These creepy pumpkin cookies are great for Halloween. What child (or adult, in fact) doesn’t love chocolate and orange together, and they also give you the opportunity to flex your creative muscles come the decorating. The fun of these is making each face different, and coming up with the most evil expressions you can think of!
The yield depends on the size of your cutter – mine was about 8cm/3inches across to make 14 cookies. And don’t let the prep time on these put you off – the actual cookies only take about 10 minutes to mix up, and you can spend as much time on the decoration as you can spare.
Chocolate can be quite tricky to pipe with as it cools and sets, so you need to be quite quick. If you are a little unsure of your piping skills, just use a bit more royal icing, colored black or brown, to do the faces. You will still get the chocolate flavor from the cookie itself.
100g/3½oz/7 tablespoons salted butter, softened
100g/3½oz/½ cup caster/superfine sugar
1 large egg
1 teaspoon orange extract
175g/6oz/11/3 cups plain/all-purpose flour
50g/1¾oz/5 tablespoons unsweetened cocoa powder
½ teaspoon baking powder
250g/9oz/1¾ cups royal icing/confectioner’s sugar
orange food coloring paste
green food coloring paste
80g/2¾oz dark/bittersweet chocolate
Beat the butter and sugar together until light and fluffy with an electric hand mixer or in a stand mixer. Beat in the egg and orange extract.
In a separate bowl, combine the flour, cocoa powder and baking powder. Sift the dry ingredients into the butter mixture and stir everything together until well incorporated. Wrap the dough in a sheet of cling film/plastic wrap and flatten to make a patty. Chill in the refrigerator for a couple of hours.

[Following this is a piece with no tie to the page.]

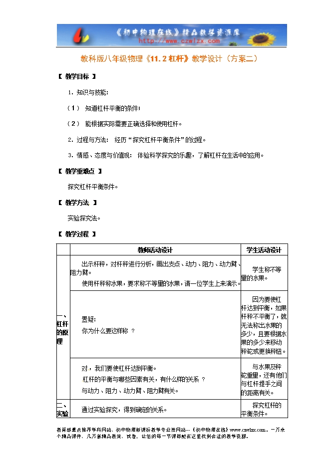 2.过程与方法: 经历“探究杠杆平衡条件”的过程。
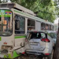 Տրոլեյբուսը բախվել է Toyota Rav 4-ին, Nissan-ին և Mercedes-ին և հայտնվել մայթին

Preheat the oven to 180ºC/350ºF/Gas 4 and line a baking sheet with baking parchment. Roll the chilled dough out on a floured surface to about 4mm thick and stamp out cookies using a pumpkin-shaped cookie cutter, placing them on the prepared baking sheet as you go.
Bake the cookies for 12–15 minutes, until the tops are crisp and darkened slightly. Allow them to cool for 5 minutes on the baking sheet, then transfer them to a wire rack to cool completely.
Once the cookies are completely cool, prepare the icing. Mix 200g/7oz/1½ cups of the icing/confectioner’s sugar with a few drops of water until you have a thick icing that you will be able to pipe successfully. Add enough food coloring paste to make the icing a strong orange. Spoon about one-quarter of the icing into a piping bag with a fine nozzle/tip.
Pipe around the outside of each cookie very carefully to create a thin border on each, and let them dry for a few minutes. Don’t go around the stalk as you do this, as you want that in a different color – just cut straight across the bottom of it. Fill the inside of the line with a generous teaspoonful of the remaining icing (you want a nice thick coating, but not so much icing that it pours over the edge and looks messy), spreading it out to the border line – a toothpick is useful for this.
Mix the remaining icing/confectioner’s sugar with some green food coloring and pipe the stalks onto the pumpkins. Leave the cookies for at least an hour to set really hard.
Melt the chocolate in a heatproof bowl set over a pan of simmering water, being careful that the bottom of the bowl doesn’t come into contact with the water. Transfer the chocolate to a piping bag with a fine nozzle/tip and pipe faces onto the cookies. Once again, having a toothpick on hand will help you to push the chocolate into more precise shapes. Allow the chocolate to cool and set before serving.